Transcribe nothing except the lines below that run from the one with "- ⭐Ocean Scented" to the one with "먼저 ARCTIC MX-6", ends included, and do not copy any picture.

## Dataset extract
↓↓↓

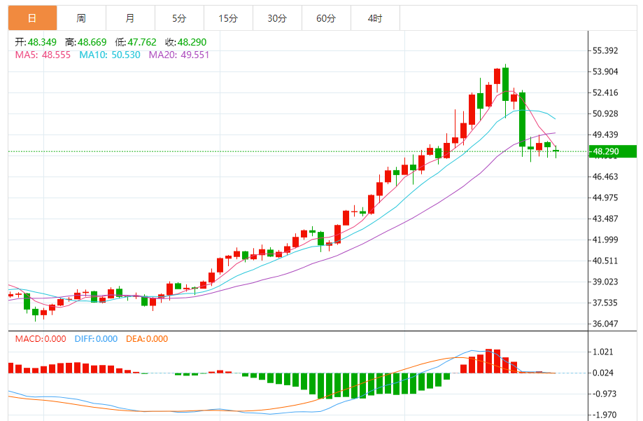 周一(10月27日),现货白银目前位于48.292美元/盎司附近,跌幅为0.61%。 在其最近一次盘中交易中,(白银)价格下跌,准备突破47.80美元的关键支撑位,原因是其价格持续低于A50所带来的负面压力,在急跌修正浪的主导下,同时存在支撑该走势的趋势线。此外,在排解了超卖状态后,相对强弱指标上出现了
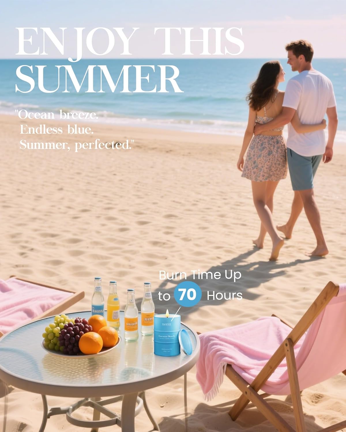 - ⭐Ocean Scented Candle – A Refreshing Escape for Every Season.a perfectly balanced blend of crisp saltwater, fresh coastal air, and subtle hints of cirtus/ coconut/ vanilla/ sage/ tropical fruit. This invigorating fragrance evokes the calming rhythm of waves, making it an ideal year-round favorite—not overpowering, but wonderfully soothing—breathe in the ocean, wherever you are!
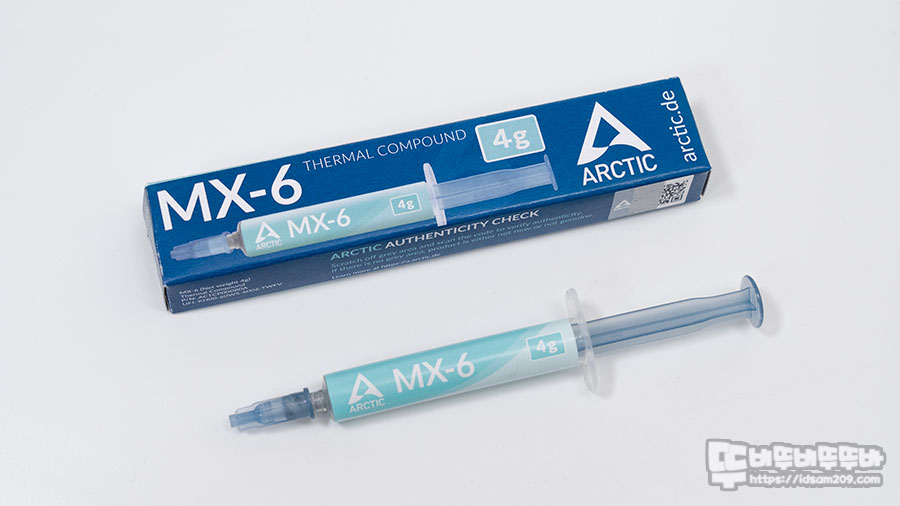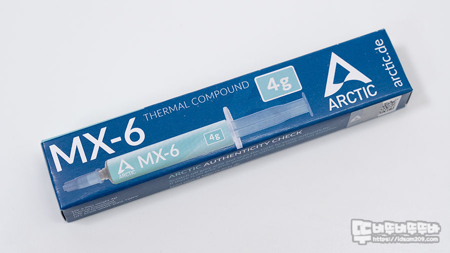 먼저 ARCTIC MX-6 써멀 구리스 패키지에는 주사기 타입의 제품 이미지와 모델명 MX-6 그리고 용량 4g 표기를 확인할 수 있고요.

↑↑↑
↓↓↓

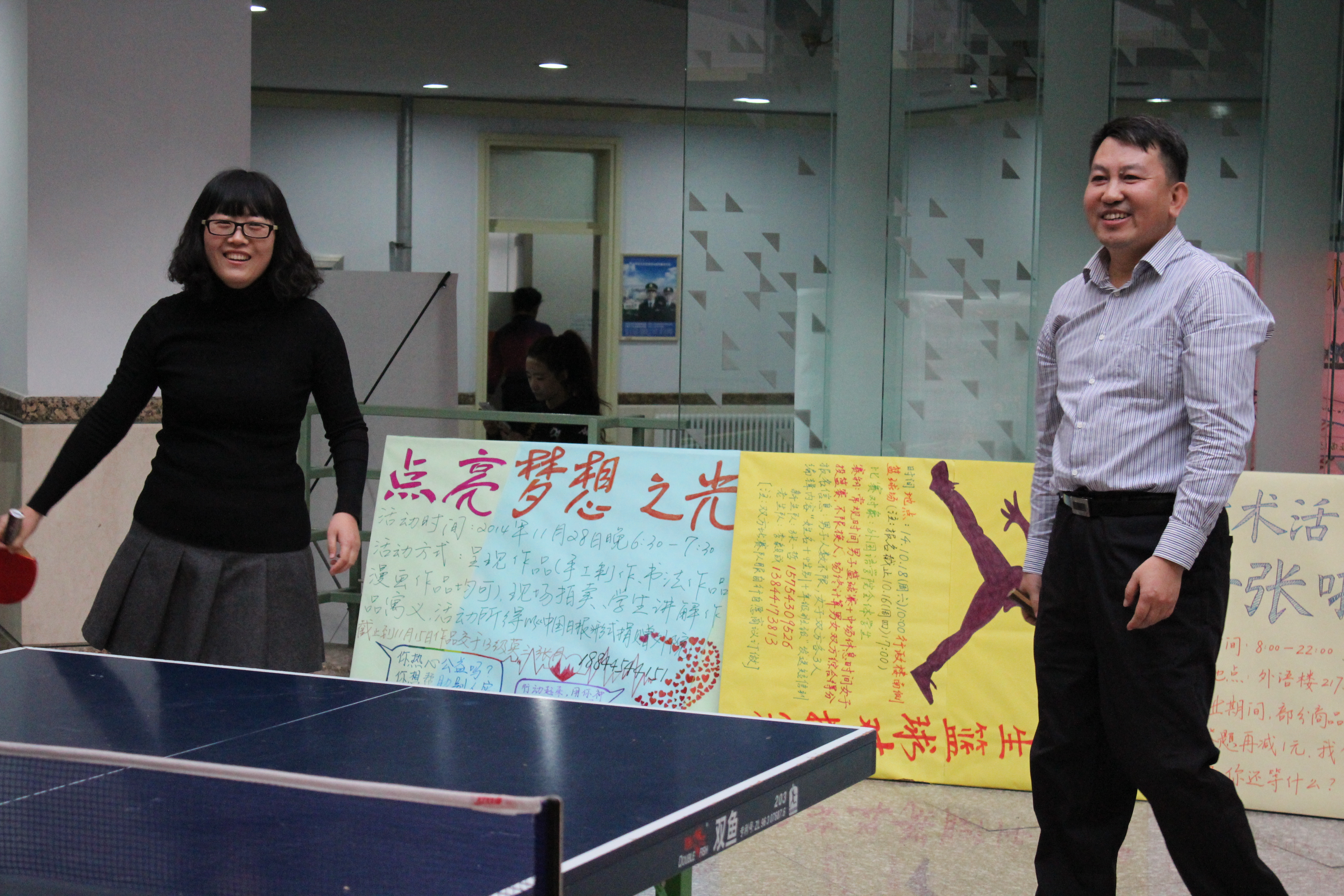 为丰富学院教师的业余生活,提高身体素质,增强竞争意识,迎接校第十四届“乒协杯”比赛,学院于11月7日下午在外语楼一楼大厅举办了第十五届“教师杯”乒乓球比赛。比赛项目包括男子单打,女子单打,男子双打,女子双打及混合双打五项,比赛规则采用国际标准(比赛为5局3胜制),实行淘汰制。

↑↑↑
↓↓↓

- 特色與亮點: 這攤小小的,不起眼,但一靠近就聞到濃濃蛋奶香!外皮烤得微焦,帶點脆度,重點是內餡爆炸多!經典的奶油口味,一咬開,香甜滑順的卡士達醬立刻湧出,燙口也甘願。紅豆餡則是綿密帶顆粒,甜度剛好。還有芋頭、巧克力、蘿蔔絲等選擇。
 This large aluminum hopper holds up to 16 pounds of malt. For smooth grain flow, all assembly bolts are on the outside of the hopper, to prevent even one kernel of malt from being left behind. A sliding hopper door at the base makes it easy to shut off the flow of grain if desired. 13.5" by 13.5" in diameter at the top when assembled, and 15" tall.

↑↑↑

## Output of the task
 - ⭐Ocean Scented Candle – A Refreshing Escape for Every Season.a perfectly balanced blend of crisp saltwater, fresh coastal air, and subtle hints of cirtus/ coconut/ vanilla/ sage/ tropical fruit. This invigorating fragrance evokes the calming rhythm of waves, making it an ideal year-round favorite—not overpowering, but wonderfully soothing—breathe in the ocean, wherever you are!
 먼저 ARCTIC MX-6 써멀 구리스 패키지에는 주사기 타입의 제품 이미지와 모델명 MX-6 그리고 용량 4g 표기를 확인할 수 있고요.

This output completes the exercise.